------ Input

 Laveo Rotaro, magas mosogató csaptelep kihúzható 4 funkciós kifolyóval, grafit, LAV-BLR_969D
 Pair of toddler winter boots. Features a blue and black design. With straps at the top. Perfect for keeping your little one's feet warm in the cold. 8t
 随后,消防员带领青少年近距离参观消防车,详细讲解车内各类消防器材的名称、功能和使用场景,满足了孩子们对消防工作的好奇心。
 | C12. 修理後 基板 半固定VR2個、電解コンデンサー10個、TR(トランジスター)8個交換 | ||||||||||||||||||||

------------
------ Input

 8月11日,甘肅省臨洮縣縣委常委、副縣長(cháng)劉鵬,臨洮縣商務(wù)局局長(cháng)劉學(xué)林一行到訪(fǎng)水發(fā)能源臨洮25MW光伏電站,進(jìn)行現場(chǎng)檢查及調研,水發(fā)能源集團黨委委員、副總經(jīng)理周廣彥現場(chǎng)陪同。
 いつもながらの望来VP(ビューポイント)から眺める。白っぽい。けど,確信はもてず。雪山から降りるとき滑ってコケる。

------------

◆ **Goal of the exercise**
Go back to the listing above. Copy word for word the lines from the one with "Pair of toddler" through the one with "半固定VR2個、電解コンデンサー10個、TR(トランジスター)8個交換 | ||||||||||||||||||||", and nothing more.

◆ **Expected output**
 Pair of toddler winter boots. Features a blue and black design. With straps at the top. Perfect for keeping your little one's feet warm in the cold. 8t
 随后,消防员带领青少年近距离参观消防车,详细讲解车内各类消防器材的名称、功能和使用场景,满足了孩子们对消防工作的好奇心。
 | C12. 修理後 基板 半固定VR2個、電解コンデンサー10個、TR(トランジスター)8個交換 | ||||||||||||||||||||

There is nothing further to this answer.